Thus did Rep. John Parnell Thomas, chairman of the House Un-American Activities Committee (HUAC), lay out the task ahead in the 1947 hearings on the Hollywood 10 – Tinseltown talents accused of being subversives, who eventually went to jail. (A mere three years later, Thomas would resign from Congress, after being convicted for salary fraud).
Over the course of the hearings, hundreds of Hollywood screenwriters, directors, actors and producers were named as Communist sympathizers. Screenwriter Bernard Gordon was among them. After screenwriter Jack Moffitt informed on Gordon, he was subpoenaed, fired by Paramount and plunged into the horror of the Hollywood blacklist and McCarthy era.
Gordon has made an invaluable contribution to the reassessment of the Reds-under-the-beds Cold War hysteria with his new book "The Gordon File, A Screenwriter Recalls Twenty Years of FBI Surveillance."
Like Inspector Javert relentlessly pursuing Jean Valjean in Victor Hugo's "Les Miserables," the Federal Bureau of Investigation and Central Intelligence Agency conducted surveillance on Gordon and his family, friends and associates for around a quarter century. Gordon, who was born in New York in 1918, writes: "I must hand it to the FBI agents who worked on my file: they were indefatigable." The spies who hated him created a 500-plus page dossier that Gordon refers to as a "thick file of pages from the secret police that would eventually pin me like a bug in a specimen jar ..."
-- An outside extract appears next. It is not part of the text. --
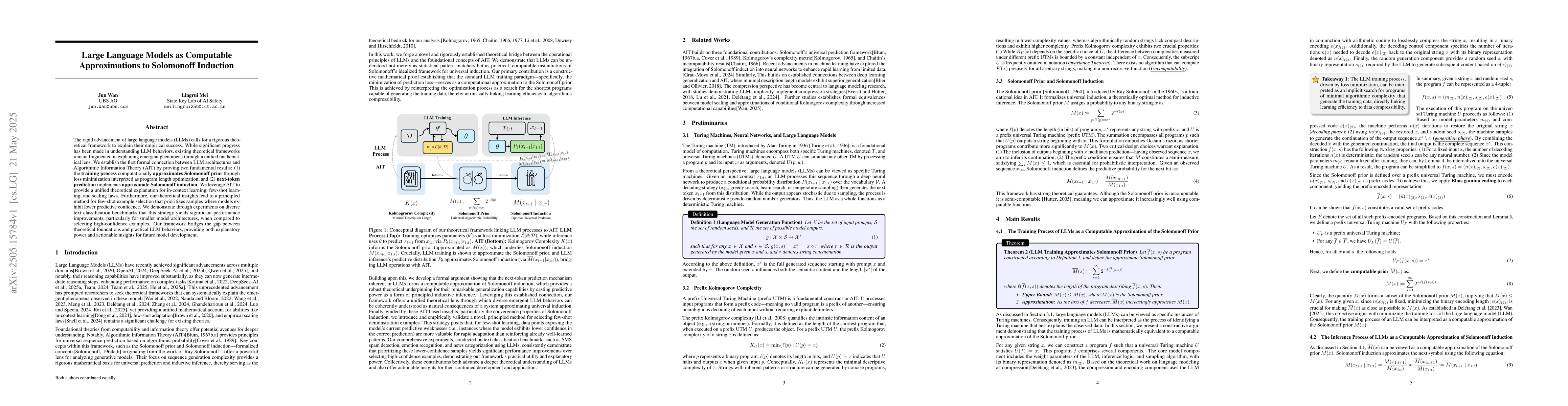 The rapid advancement of large language models (LLMs) calls for a rigorous theoretical framework to explain their empirical success. While significant progress has been made in understanding LLM behaviors, existing theoretical frameworks remain fragmented in explaining emergent phenomena through a unified mathematical lens. We establish the first formal connection between LLM architectures and Algorithmic Information Theory (AIT) by proving two fundamental results: (1) the training process computationally approximates Solomonoff prior through loss minimization interpreted as program length optimization, and (2) next-token prediction implements approximate Solomonoff induction. We leverage AIT to provide a unified theoretical explanation for in-context learning, few-shot learning, and scaling laws. Furthermore, our theoretical insights lead to a principled method for few-shot example selection that prioritizes samples where models exhibit lower predictive confidence. We demonstrate through experiments on diverse text classification benchmarks that this strategy yields significant performance improvements, particularly for smaller model architectures, when compared to selecting high-confidence examples. Our framework bridges the gap between theoretical foundations and practical LLM behaviors, providing both explanatory power and actionable insights for future model development.

There have been many memoirs of the American inquisition by Hollywood screenwriters, such as Ring Lardner's "I'd Hate Myself in the Morning," Lester Cole's "Hollywood Red" and Norma Barzman's "The Red and the Blacklist." Numerous histories and biographies exist, including Paul Buhle and Dave Wagner's "A Very Dangerous Citizen: Abraham Lincoln Polonsky and the Hollywood Left." In 1971, Eric Bentley edited transcripts of the HUAC hearings, "Thirty Years of Treason." Victor Navasky's 1980 "Naming Names" included interviews with "friendly" and "unfriendly" HUAC witnesses.
"The Gordon File," however, is unique. In 1997, under the Freedom of Information Act, the feisty Gordon requested his FBI dossier; he eventually received 280 pages by 2003. "The Gordon File," published by the University of Texas Press, which previously released Gordon's 1999 memoir, "Hollywood Exile, or How I Learned to Love the Blacklist," includes much of this undercover documentation.
The first published entry in the formerly clandestine folders is dated Feb. 10, 1945, and is signed by FBI Director J. Edgar Hoover himself, as are many others, including classified letters Hoover wrote to the infamous CIA agent James Jesus Angleton. Gordon's case wasn't closed until Nov. 25, 1970, although it is marked "subject, of course, to being reopened in the event additional pertinent information is received." The dossier covers Gordon's activism and eventual emigration.
The FBI file assiduously notes picayune details (often inaccurately, Gordon points out), such as his 1938 Chevrolet coupe's license plate number. As he moved throughout Mexico and Europe, U.S. embassies' legal attaches kept tabs on Gordon, religiously reporting his whereabouts. In his postscript, Gordon writes, "the FBI must surely have had something on me to account for all the years, time, and money spent hounding me."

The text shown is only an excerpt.